Inconsistent evaluation between CPU and GPU

frod · July 8, 2019, 5:51pm

Hi.

Me and another colleague have been struggling on this problem for the last days and we are losing our sanity. Unfortunately the conditions to recreate this problems are so rare and fragile that I have to attach a ~600Mb data file to this post for people interested to reproduce this. This data file does not contain any personal or sensible data, it’s just some random Monte Carlo numbers generated by another program.

Anyway here is the problem:

We have a really simple model: 7 input neurons, going to 5 and then a single output. Everything is made with linear layer and with sigmoid activations. In the example below, the model doesn’t even need to be trained for this problem to appear.

When we evaluate this model on some large datasets (~10 Million points), there are some inconsistencies between the CPU and GPU evaluations. In particular, the CPU is always right but the GPU starts giving some random results after about 2 Million points.

Here are some plots that show this behavior:

histogram of the difference between cpu evaluations and gpu evaluations. You can see a peak at 0 where the two evaluations coincide
plot of the same difference. You can see that the two evaluations coincide for the first 2 Million points and then it becomes noise.

If you want to reproduce these plots here is a minimal working code:

import torch, os, h5py
from torch import nn
import matplotlib.pyplot as plt

class Model(nn.Module):    
    def __init__(self, input_dim, output_dim, hidden_units):
        super(Model, self).__init__()
        self.fc1 = nn.Linear(input_dim, hidden_units, bias = False)
        self.fc2 = nn.Linear(hidden_units, output_dim, bias = False)

    def forward(self, x):
        x = torch.sigmoid(self.fc1(x))
        x = torch.sigmoid(self.fc2(x))
        return x

#create the model
model = Model(7, 1, 5)

#read the data file
data = h5py.File(os.getcwd() + '/data.h5', 'r')
test_input = torch.Tensor((data['Data'])[()])

#shuffle the data
test_input = test_input[torch.randperm(test_input.size(0))]

#get indices for which variable 6 is between 350 and 450
idx1 = test_input[:, 6] > 350
idx2 = test_input[:, 6] < 450

#normalize data
norm_test_input = (test_input - test_input.mean(0))/test_input.std(0)

#take only data between 350 and 450
test_input_cut = norm_test_input[idx1 * idx2]
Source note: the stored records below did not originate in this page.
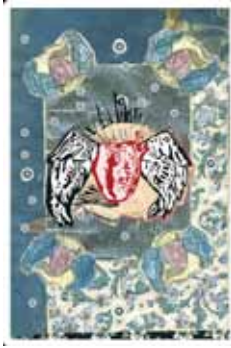
5. Fanatical love. Faith.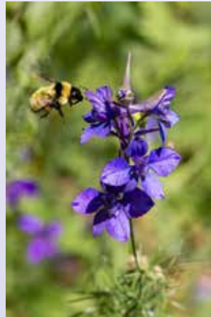
Bumblebee

The Lois Webster Fund (LWF) of the ASGD announced the projects selected to receive grants for Colorado Nongame Wildlife Education and Research in 2016 at the Annual LWF Program on May 4 th . Twelve excellent applications for grants totaling over $32,627 were received by the LWF this year. The LWF agreed to fund three of these project requests for a total of $5,715. The LWF Committee members were very impressed with the quality and significance of this year's applications. The grantees included both research and education initiatives with a variety of partnerships and projects that will have an impact on the conservation of Colorado's nongame wildlife.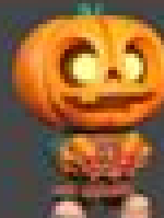
05 C. CARRASCO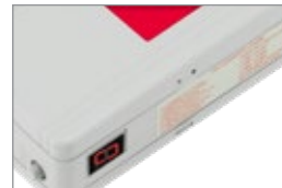
Numeric Indicator for dependable visual status and fault detection. Only available with G2-NI option.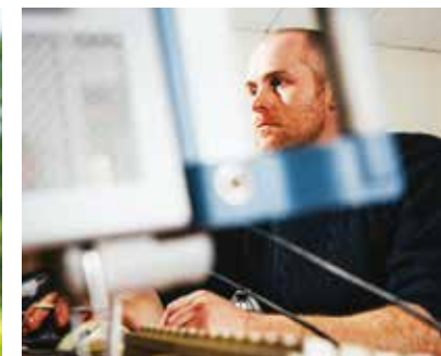
CWI - Developing truly disruptive, end-to-end physical layer wireless technologies and techniques.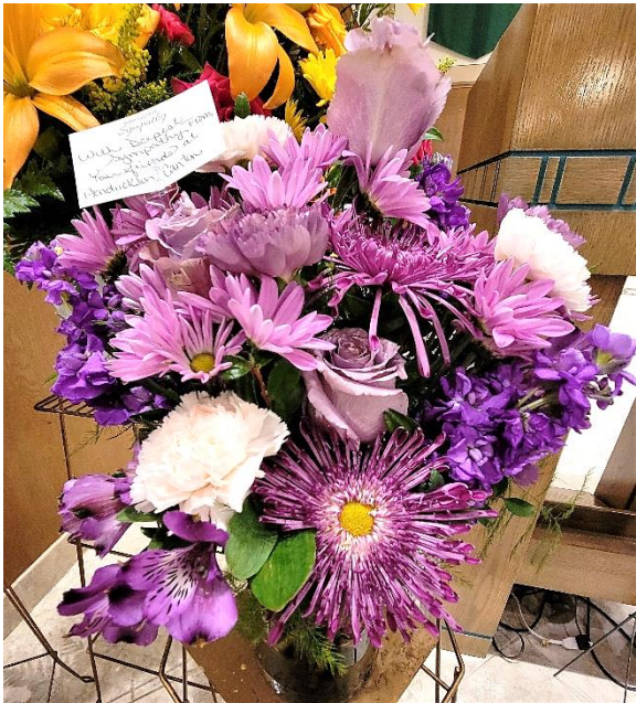
Your friends at Hendrickson, Canton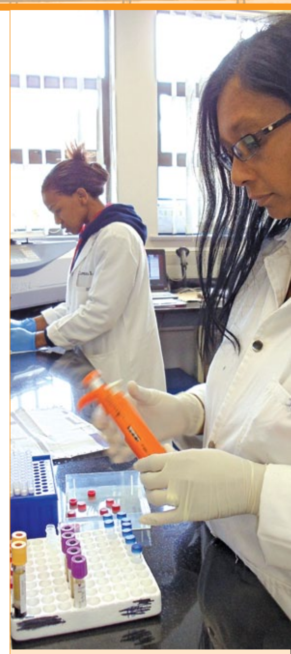
Preparing samples for testing.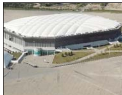
Sound Off callers comment on Silverdome deal.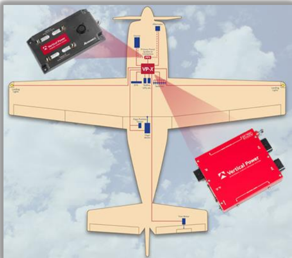
Integrated Power & Circuit Protection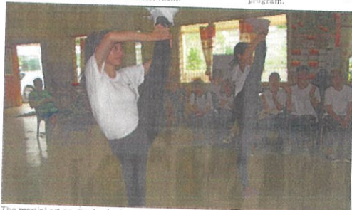
The martial art on display by two youths.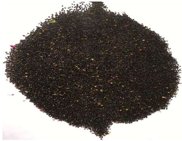
Supplementary Figure S1: Seeds of Celosia cristata .

Email: † mthakur1@amity.edu; monika.harsh05@gmail.com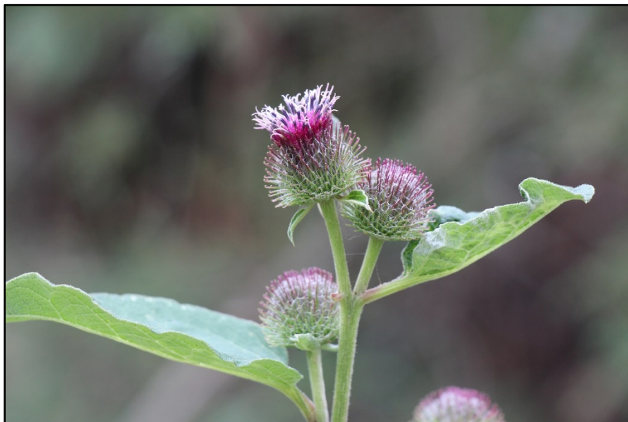
Common Burdock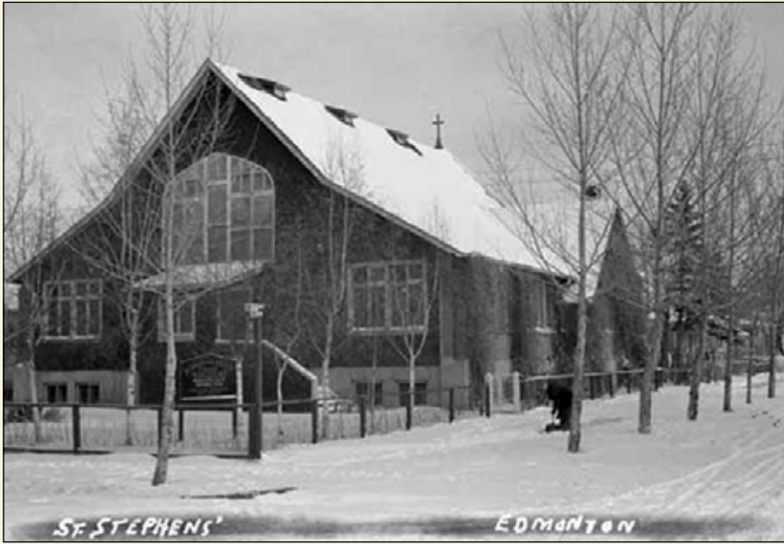
View of St. Stephen the Martyr Anglican Church c. 1940.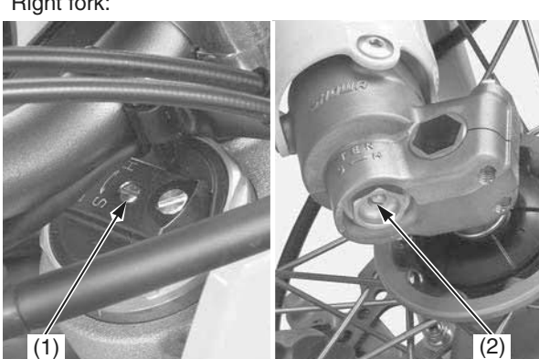
(1) compression damping adjuster (2) rebound damping adjuster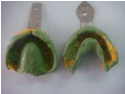
Figure 5: Maxillary and mandibular impressions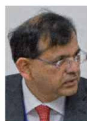
Rajindre Tewari, Chairman, Europe India Business Council, The Netherlands

'It is important to increasingly leverage global value chains'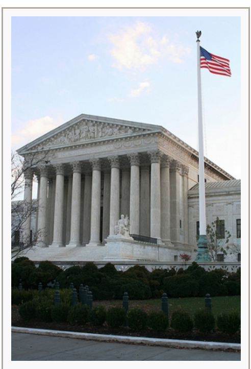
U.S. Supreme Court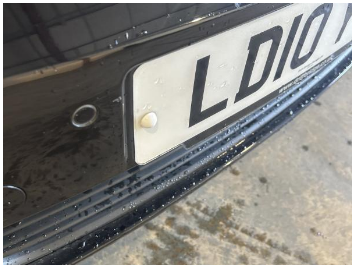
8: Bumper Front Chipped Multiple Chips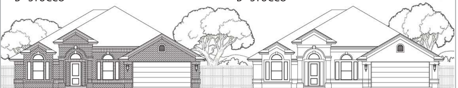
B - STUCCO

print(test_input_cut.shape)

# --- #

#evaluate the model on CPU
print("CPU")
with torch.no_grad():
    print(model(test_input_cut)[-10:])
    print(model(test_input_cut[-10:]))

    cpu_results = model(test_input_cut)

#evaluate the model on GPU
print("GPU")
model.cuda()    
test_input_cut = test_input_cut.cuda()
with torch.no_grad():
    print(model(test_input_cut)[-10:])
    print(model(test_input_cut[-10:]))

    gpu_results = model(test_input_cut)
                     
#plot difference between the two evaluations       
diff = (cpu_results - gpu_results.cpu()).squeeze().numpy()
plt.hist(diff, bins = 30)
plt.show()

plx = range(cpu_results.size(0))
ply = (cpu_results.squeeze() - gpu_results.squeeze().cpu()).numpy()
plt.plot(plx, ply)
plt.show()

And here is the 600MB .h5 file (that needs to be put in the same folder of the python code) for which this problem appears.

This behavior is really fragile in this example: changing the two numbers (350 and 450) even slightly erases makes everything work fine. For different (or random generated) data we couldn’t find any “cut” that would make this appear, but from what we tried it doesn’t look like there are any problems with the input data. In the real case, i.e. in the full project code, this seems to happen more consistently. We can’t post the full source code, so this tiny fragile example is the only thing that we could come up with to reproduce the issue in a consistent way to be posted in a forum.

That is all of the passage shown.